As most of you my last couple weeks have been chaotic. Well....lets say the last couple months. The trouble with all of that is that I have gotten out of my routine of self-care. I ate mass quanities of unhealthy stuff at camp...like bacon eggs and hash browns for breakfast every morning. My trip to see my sister was not that much better. Although I think I did a heroic job of avoiding boredom eating by web surfing, I have gotten out of my routine of making my own meals, eating in instead of eating out, and the like.
So I got 10 cent folders at Walmart for a log of exercise and diet stuff. The thing is, I am avoiding the log. Cause I am having a hard time getting back into the rhythym of healthy eating and exercise (and it is a rhythm of life for me that makes that happen). Part of getting out of this rhythym is my summer schedule, and part of it is my workaholic ways. Either way, most of my diet, schedule, and exercise is something I need to own or take responsibility for.
So I went to the coffee shop for a standing meeting that I established that nobody else ever shows up for. And while I was waiting I had a bagel with cream cheese! I was not hungry, but I needed to look like I was doing something while I was waiting so I bought the bagel and ate it.

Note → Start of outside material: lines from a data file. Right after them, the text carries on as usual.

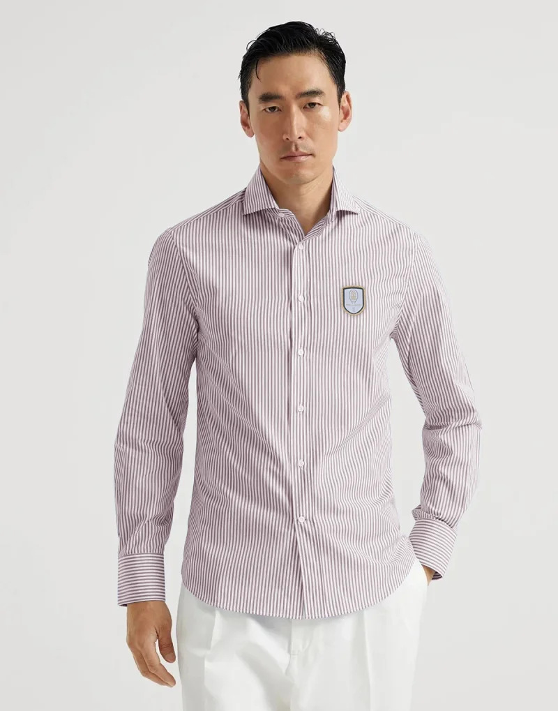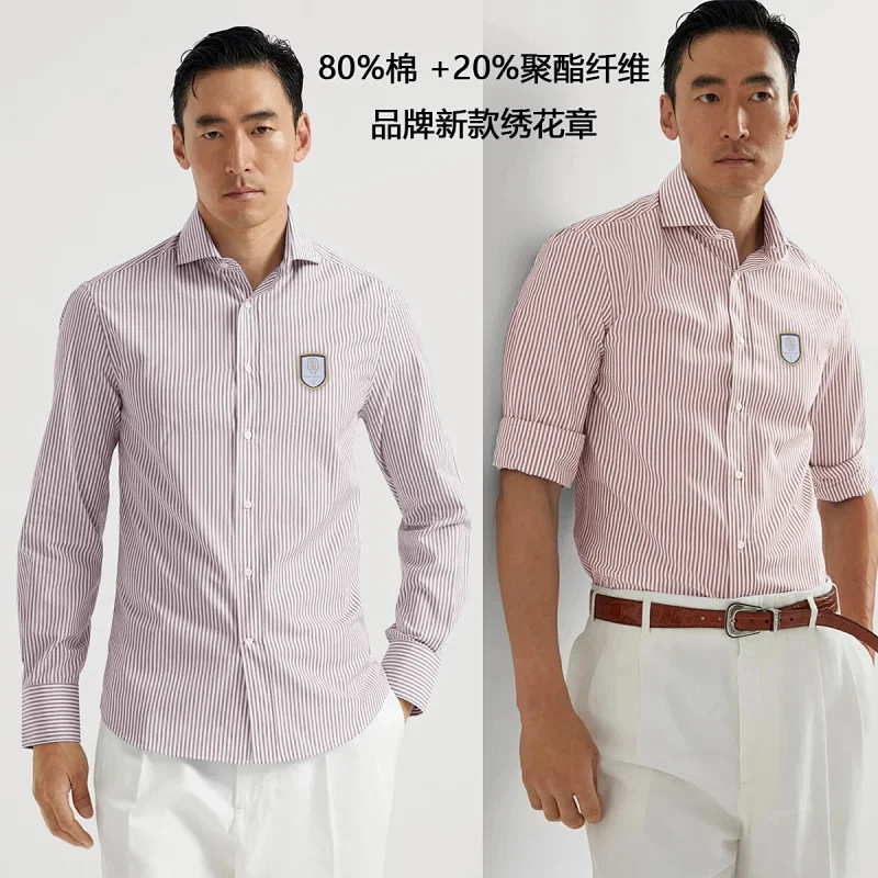 渠道牛货现货 BC Brunel10 Cucinell1官网同款6000元 男士长袖翻领衬衫 棉刺绣梭织 品牌新款绣花章 舒适透气 休闲风格 25夏季新款 G2511037144
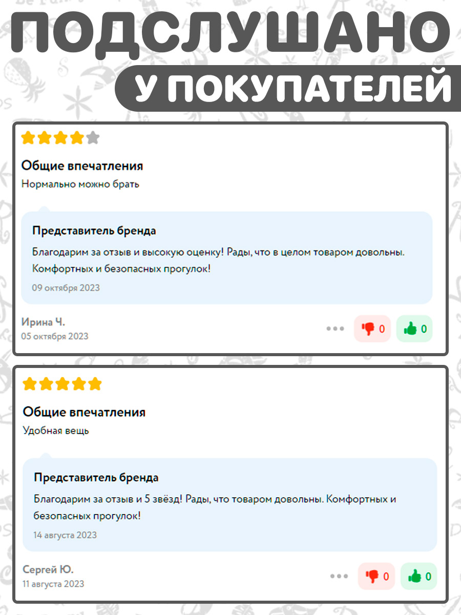 Благодарим за отзыв и 5 звёзд! Рады, что товаром довольны. Комфортных и безопасных прогулок!
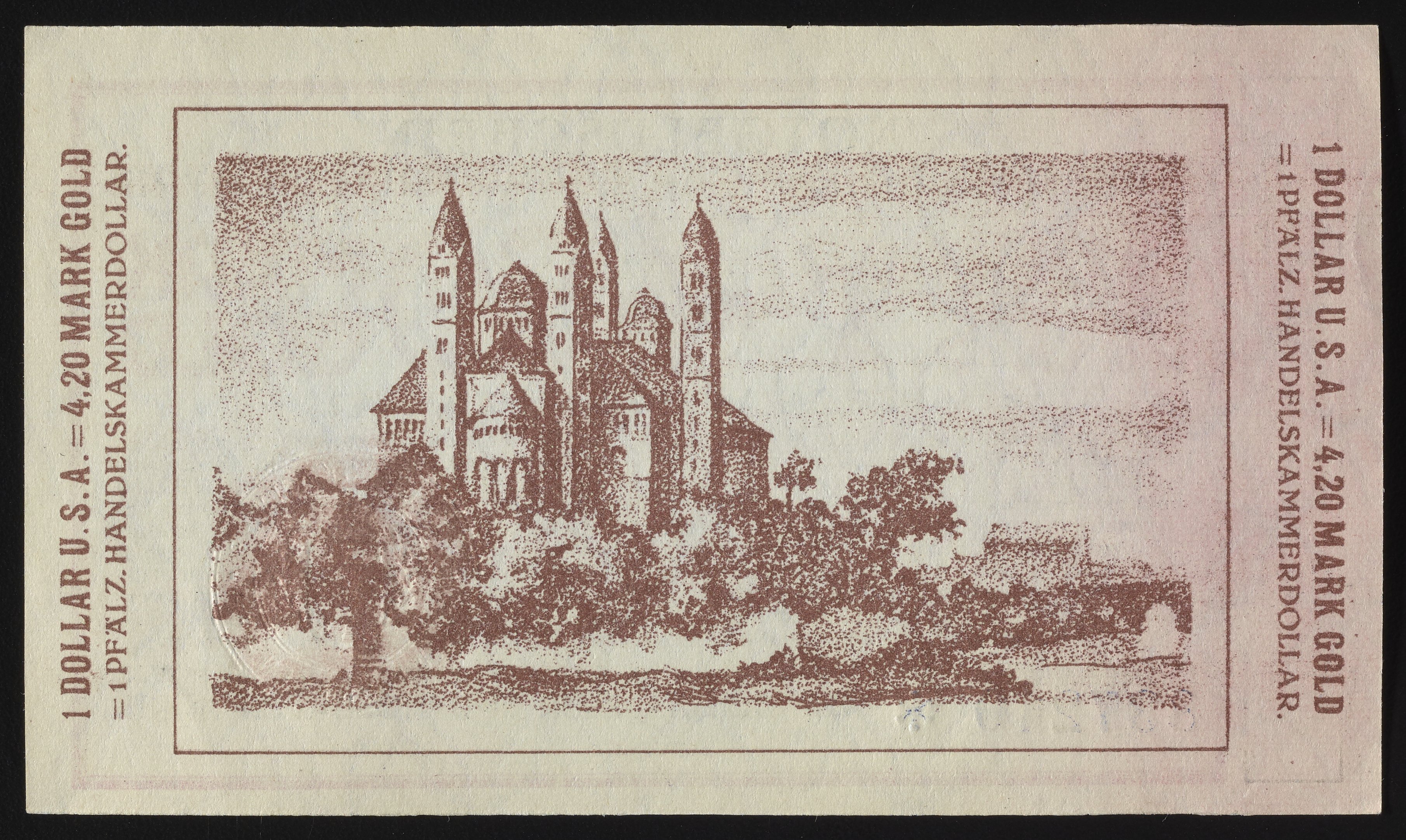 • Ludwigshafen Chamber of Commerce 1 Dollar = 4.20 Goldmark emergency money bill
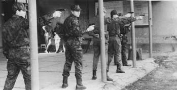 Наряду с мотострелковыми подразделениями, укреплялась и Учебная рота специального назначения (УРСН) 2 полка ОМСДОН, личный состав которой отлично себя зарекомендовал в предыдущих выездах в горячие точки. Командир этой роты «краповых беретов» майор СИ. Лысюк, продолжая традиции, заложенные её родоначальниками, будущими генералами В. И. Мальцевым и В. И. Булатовым, настоятельно требовал у командования коренного и значительного расширения штатов УРСН. Однако бюрократические рогатки закостенелой кадровой системы не пропускали разумные инициативы тех, кто не в кабинетах, а на передовой защиты целостности страны потом и кровью выстрадали эти предложения. Путём обмена опытом с лучшими отечественными («Альфа», «Вымпел») и зарубежными спецподразделениями, сотрудники УРСН формировали своё собственное «лицо», отходя от парадности различных показных занятий, на которые их толкали большие начальники из МВД. Кто только не смотрел эти «показухи» в стареньком спортзале роты. Здесь мелькали лица зарубежных глав государств и даже королев, всяких знаменитостей. На одном из таких «выступлений» побывала спортивная звезда-фигуристка Ирина Роднина, которая, делясь впечатлениями, откровенно сказала: «Конечно ребята молодцы, но ведь это просто цирк какой-то, а не настоящая работа в боевых операциях». Понимая справедливость не только слов прославленной фигуристки, но и требований времени, руководство УРСН всю военно-специальную подготовку перестраивало исходя из современного практического опыта. Так, например, приезд военной делегации Кубы повлиял на тактику обучения «краповых беретов» приёмам рукопашного боя. Этому поспособствовал спарринг кубинского спецназовца с одним из лучших рукопашников роты «Ш». Кубинец секунд десять с усмешкой уклонялся от всех «маваши- и йоко-гэри» нашего бойца, а затем короткими, но крайне болезненными и эффективными ударами, без махания по балетному ногой выше себя, быстро его одолел. Посещение УРСН сотрудниками антитеррористического подразделения «Кобра» Австрии помогло скорректировать и огневую подготовку наших спецназовцев. В частности, австрийцы никак не могли понять, почему бойцы спецназа сразу идут на сближение с условным противником (преступниками), применяя для их обезвреживания в основном приёмы самбо и карате. По их словам, австрийские законы позволяют в случаях сопротивления со стороны преступников, упор делать на угрозу применения или сразу применение огнестрельного оружия. Большой вклад в подготовке «краповых беретов» тому, что необходимо в бою внёс заместитель командира роты капитан В. Н. Путилов[11]. Этот офицер, прекрасно владея всеми видами огнестрельного оружия и рукопашного боя, прошёл школу Афганистана, где за мужество был награждён медалью «За боевые заслуги». Вспоминаю эпизод, когда и военная контрразведка внесла свою маленькую лепту в формирование основ подготовки УРСН по принципу применять силу с умом. 19 мая 1985 года на стадионе Динамо под организацией B. C. Чудакова 3-е ГУ КГБ проводило военно-спортивный праздник, посвящённый 40-летию Великой Победы. В ходе торжественного открытия праздника личный состав УРСН выступил с показательными занятиями перед контрразведчиками и членами их семей. Прекрасно исполняя приёмы рукопашного боя и каратэ, «краповые береты» впервые продемон
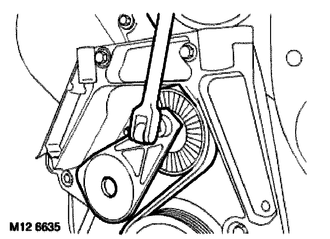 16. Using a 3/8 inch square drive socket bar, raise ancillary drive belt tensioner and fit drive belt to pulleys.
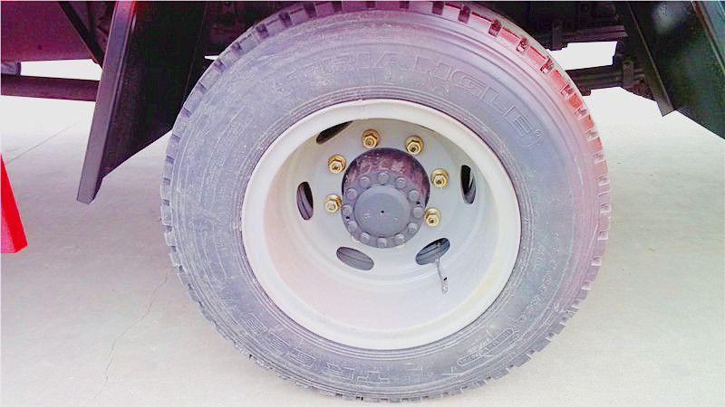 三角的8.25R20鋼絲胎,需要說明的是這是解放廠家隨機(jī)的,不是說每一臺都是三角的,有可能是其它品牌的
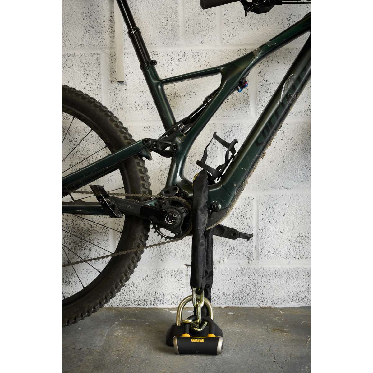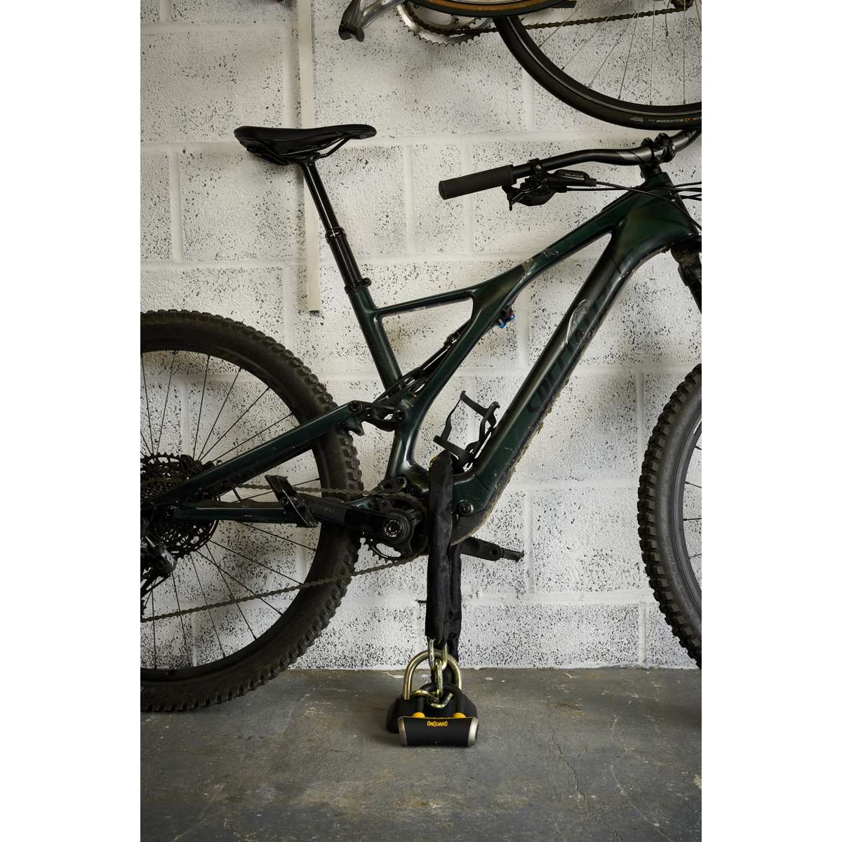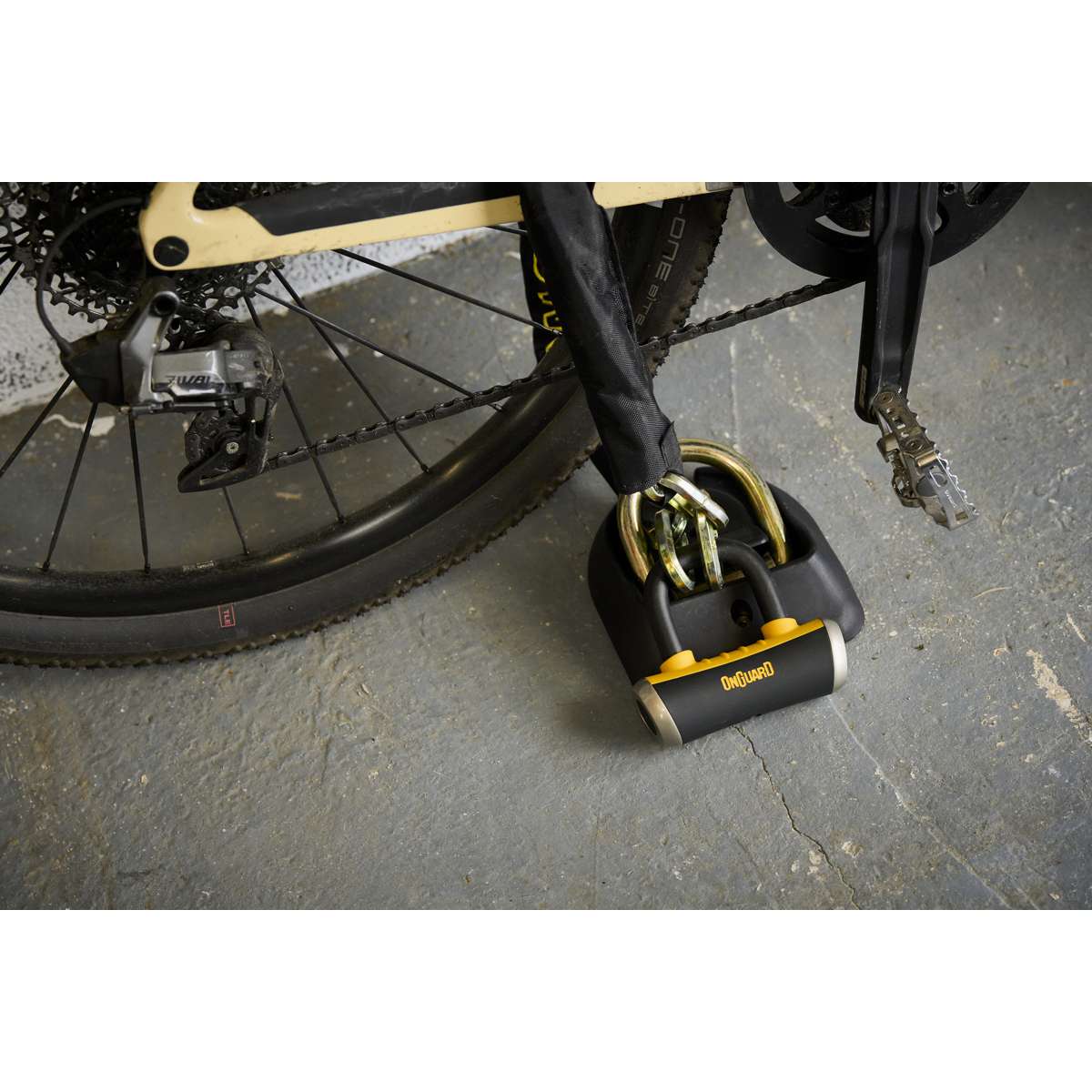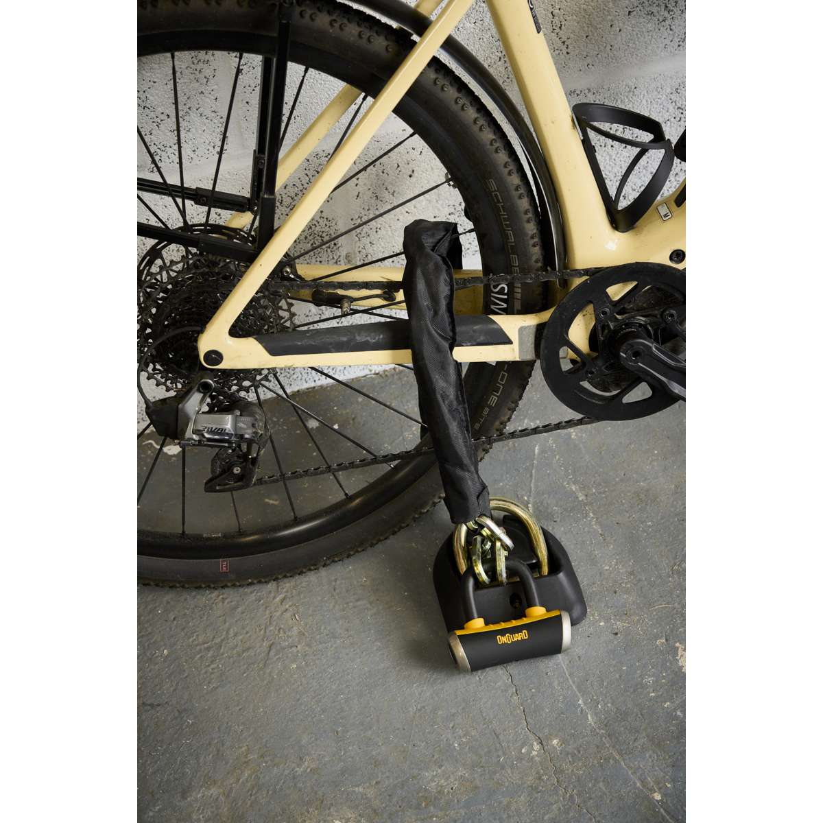 The OnGuard Mastiff 3.5’ Chain with X4 Padlock provides dual protection with a 1040 mm (40.9 in) titanium-reinforced hardened-steel hex link chain and a short-shackle Boxer U-lock featuring the X4P Quad Lock. The lock secures the shackle on four sides to resist twisting and prying, while the 45 mm (1.8 in) chain sleeve prevents scratches. The Z-Cylinder core blocks bumping, drilling, and picking for lasting reliability. The Boxer U-lock can also be used separately as a disc lock. **Includes five laser-cut keys (one with LED).**

I got in the car, and realized I was eating when I was not really hungry. I was falling in the bad patterns of eating what is easy and when I feel obligated too. And I told myself, "Today like yesterday is a dietary failure!" (Well add some expletives in as well).
Then another thought came into my head. "It is only 4:30pm. I have had lunch and a bagel for a snack, but the day is not complete yet. Infact, if you just cut back a little bit at dinner and don't snack, the day might even be considered a dietary success!"
Why do I share this? Cause I think it fits a pattern in my life and others lives as well. Just because you failed at 4:30, doesnt mean you are a failure at midnight. Press on, and realize that there is always more time left to grow and change until your time is done.